I also vowed to rid myself of this nasty little gambling habit—and attendant debt—I’d developed. The low point: taking my friend Scott into my walk-in closet, saying he could have whatever he wanted for fifty dollars. He took my leather jacket. So one day, I called my mother and divulged my bind. In an exceptionally calm manner, she gave me the stern maternal talking-to that I desperately needed. She then sent me a check to cover my debt. I paid it. And that was the last of my dealings with my bookie. Moms can do that to you.

By now, I knew that graduating was less about getting the degree than it was getting my release papers from New Orleans. Pushing myself through my credit quandary would take more than will—it would take finesse. I hadn’t fulfilled my math requirement, mostly
because it was the only course that had a mandatory attendance requirement. I had dropped it my first semester, my second semester, and my third semester.

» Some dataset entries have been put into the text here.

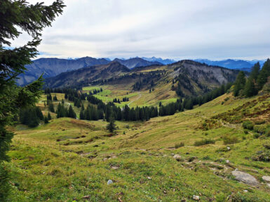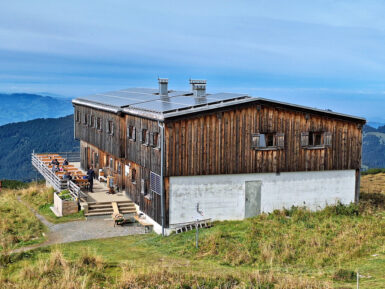 Von dort führt das letzte Wegstück mäßig steil über freies Gelände, vorbei an der Oberen Saluveralpe (1.797 m), bis hinauf zum herrlich gelegenen Freschenhaus (1.846 m).
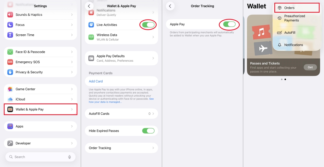 Schritt 2.WählenAuftragsverfolgungund einschaltenApple Pay.
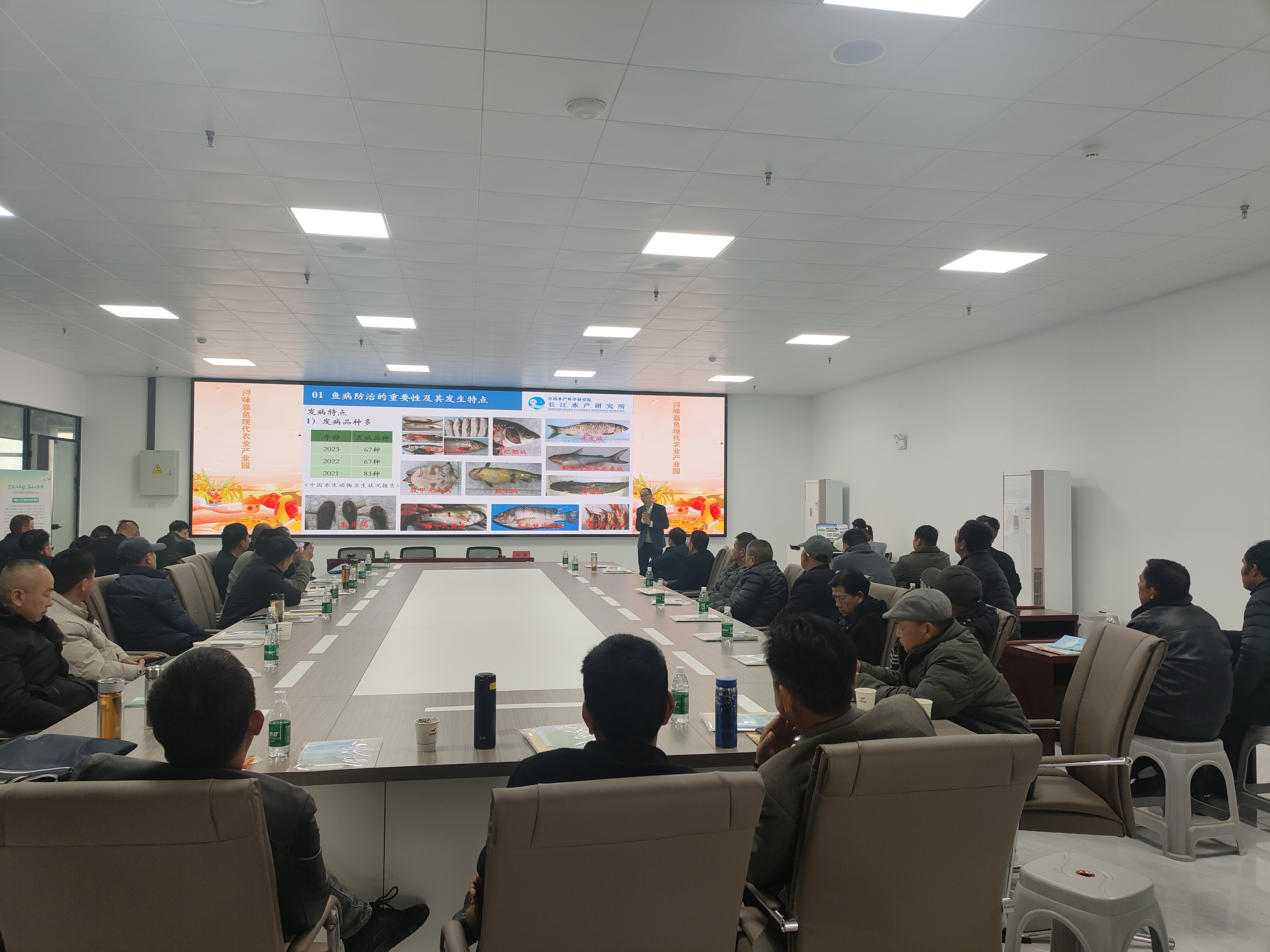 本次培训紧扣嘉鱼县产业发展需求和春季水产养殖生产实际设置课程内容。湖北省水产技术推广总站汤亚斌研究员围绕稻虾高效养殖新模式,从模式特点、产量、利润、技术要点等方面进行了系统讲解。长江水产研究所周勇研究员聚焦鱼病防控与精准用药关键技术,讲解了春季鱼病发生原因、常见鱼病种类、防治误区和精准用药关键技术,内容极具实用性和针对性。
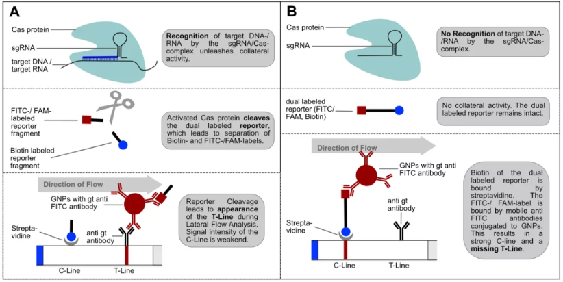 CRISPR系统作为细菌获得性免疫的重要组成部分,在分子诊断领域带给大家的是无限想象空间。通过合理的CRISPR探针与试纸设计,CRISPR-Cas层析系统能够判读出探针的被剪切状态,从而判断样本中是否存在待检测的靶标。一般的设计原理是:报告探针是一种携带末端标签Biotin与FITC的短的单链DNA或RNA分子,在待检测靶标存在情况下,CRISPR-Cas的反式切割活性被激活,进而将探针剪切,导至终端标签Biotin与FITC的分离;CRISPR-Cas层析试纸与上述核酸试纸类似,在结合垫均包被了抗FITC抗体标记的胶体金或乳胶微球,不同的是,C线位于T线之前,C线中包被了可与Biotin结合的SA;当样本中靶标不存在时,探针上Biotin与FITC的标签完整,胶体金或乳胶微球会被全部固定在C线上,从而T线不显色;当样本中靶标存在时,探针上Biotin与FITC因Cas酶激活的反式切割活性而分离,部分胶体金或乳胶微球上因没有Biotin标签因此不会被C线截留,从而可以继续往T线处流动,在T线处包被有可与抗FITC抗体结合的二抗,在此处胶体金或乳胶微球被固定呈现出色带,表示阳性结果。
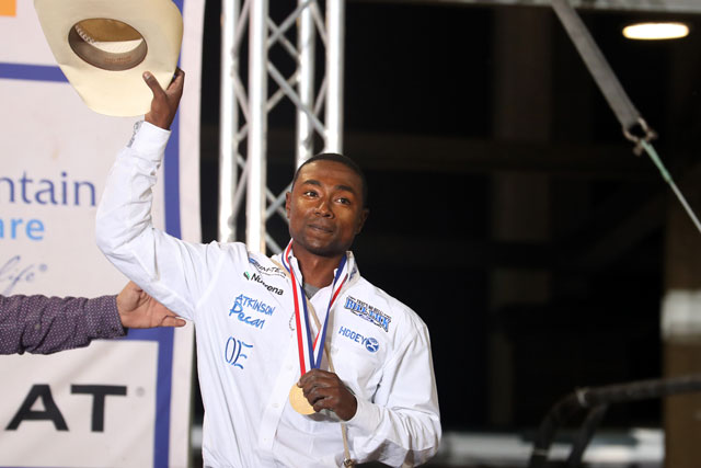 There was a new man atop the podium in the steer wrestling as defending champion Ryle Smith received a no time. Justin Shaffer of Hallsville, Texas, and a former Ram National Circuit Finals Rodeo Champion won his first gold medal and picked up $50,000. He stopped the clock in 4.2 seconds. Close on his heels was Rowdy Parrott of Mamou, La., with a 4.4 and Bridger Anderson of Alva, Okla., with a 4.5.
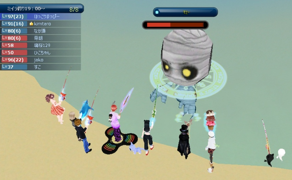 久しぶりに、ミイラ協力釣りに参加(画像)。 黒タコ協力釣りは、Ch1、土曜日20時頃、行うことが多いです。参加をお願いします。
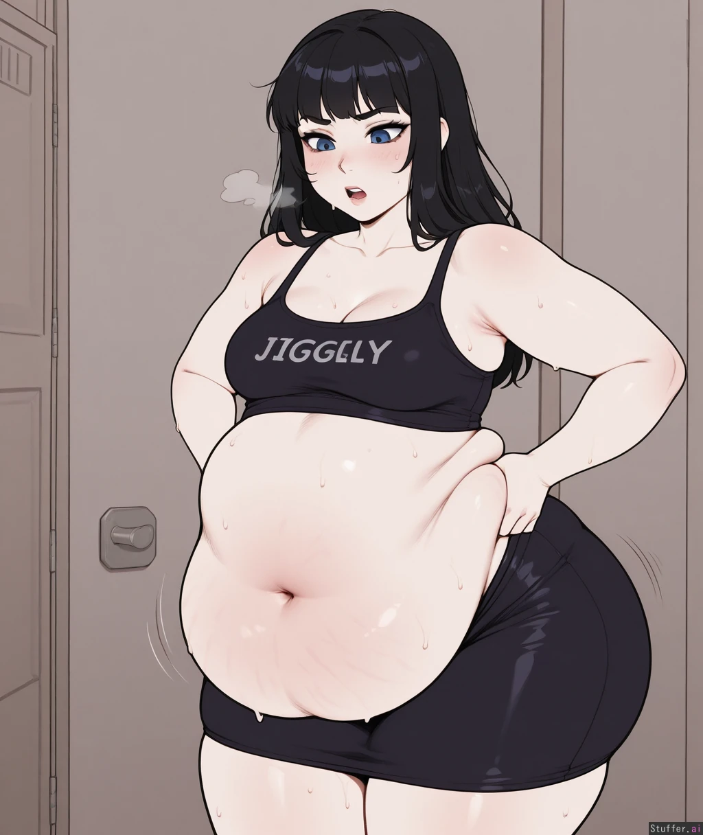flat color, shading, (kittew(artist):0.5), (blushyspicy(artist):0.3), solo, (fat goth girl),sweaty, standing, leaning forward (Massive jiggly belly:1.3), (small breasts), chubby arms, love handles, huge fat ass, huge fat thighs, wide hips, fat face, double chin, fat rolls, immobile girl, ((mouth open, heavy)), (exposed belly), tank top, tube skirt, seductress, cleavage, helpless, mouth breathing, blue eyes jiggle lines, stretch marks, struggling to walk, hands lifting the bottom of her belly, waddling, ((looking down at her body)), (1girl, solo),
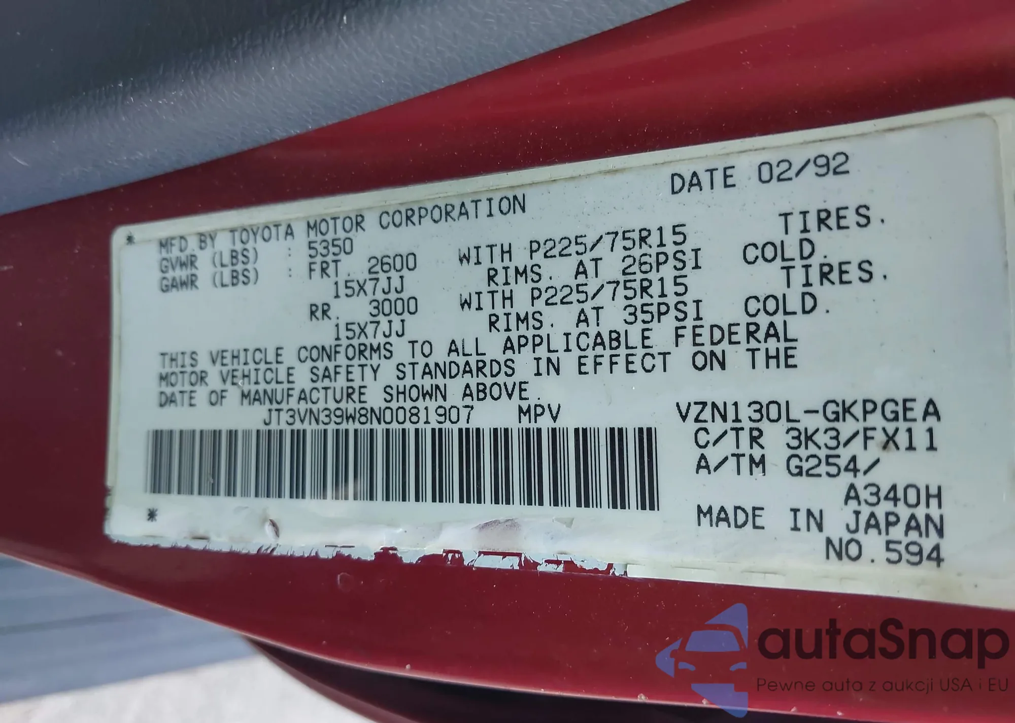 VIN: JT3VN39W8N0081907
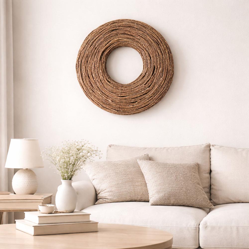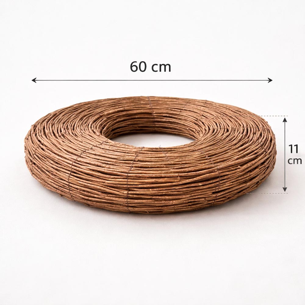 60 cm-es, vastag natúr vessző koszorú alap, amely látványos ajtó- és faldekorációk tökéletes kiindulópontja.
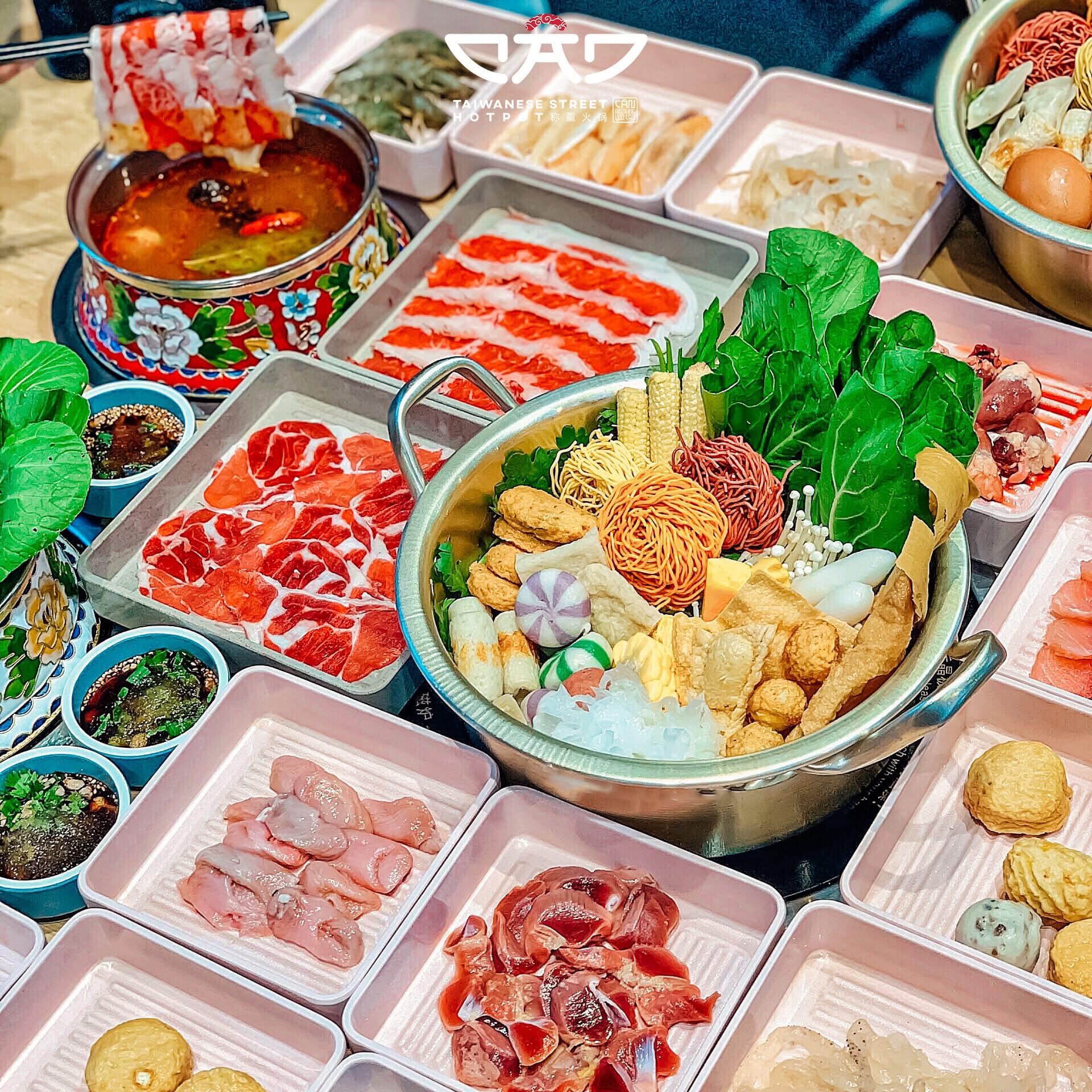 - Các món nhúng chính: Ba chỉ bò, Gầu bò, Gầu hoa bò, Bắp bò cay tứ xuyên, Tôm, Vẹm, Bạch Tuộc, Cá hồi filet, Sò điệp, Đùi ếch, Mực, Cá viên Tobiko, Tôm hùm viên, Đậu hũ phomai,
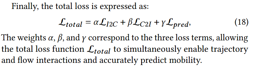 对于损失C2I来说,首先给出某地的群体数据峰值,这一峰值会有一个时间,那么将个体轨迹数据中此时此刻在此地的样本列为正样本,其余当作负样本,以此来计算对比损失使正样本越来越近负样本越来越远。
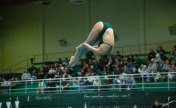 • Junior Kat Anticev got here in fifth within the 1,650-yard freestyle (17:23.04), whereas sophomore Ellie Reinhart positioned fifth within the 200-yard backstroke (2:04.32).

At the time, I remember thinking,
By the time I’m a senior, I’ll have my act together, and I’ll pay attention. I know I’ll be a better student by my senior year.

Yeah, right.

So the last semester, I had to take math. If my Humanities professors thought I was giving them short shrift, this poor Chinese grad student whose job it was to instill in me the basics of precalculus got no shrift. He went shriftless. Going into the final, my last week of class during senior year, I knew less than the day the class started. My test-taking strategy for this, my last test of my woeful college career, was figuring
I’m twenty-two years old. I’ve
got
to know more about this subject than the average fifteen-year-old high-school student.

Wrong!

The test had twenty questions. As is customary, they required correct answers. And to make matters worse, apparently they wanted me to show my work. After a look through the twenty questions, I noticed that the first was the easiest, and each question was more difficult than the previous one, so that the last was the hardest. After I stared at question one for about fifteen minutes, hoping that I would be inspired, waiting for the math muse, I realized that today was not going to be my day.

I started to see my life passing before my eyes. I started to consider that maybe years of skating by, recklessly expecting everything to work out, had been exactly the wrong approach to derivatives. It was a big moment for someone raised on—and among—the trusty happy endings of Hollywood. Apparently, I realized, sometimes it
doesn’t
work out. Sometimes you have to
make
it work out. Which means: maybe values
do
matter. I took a deep breath, stood up,
walked toward the teacher, as the rest of the class scribbled away—and asked that he join me outside the classroom.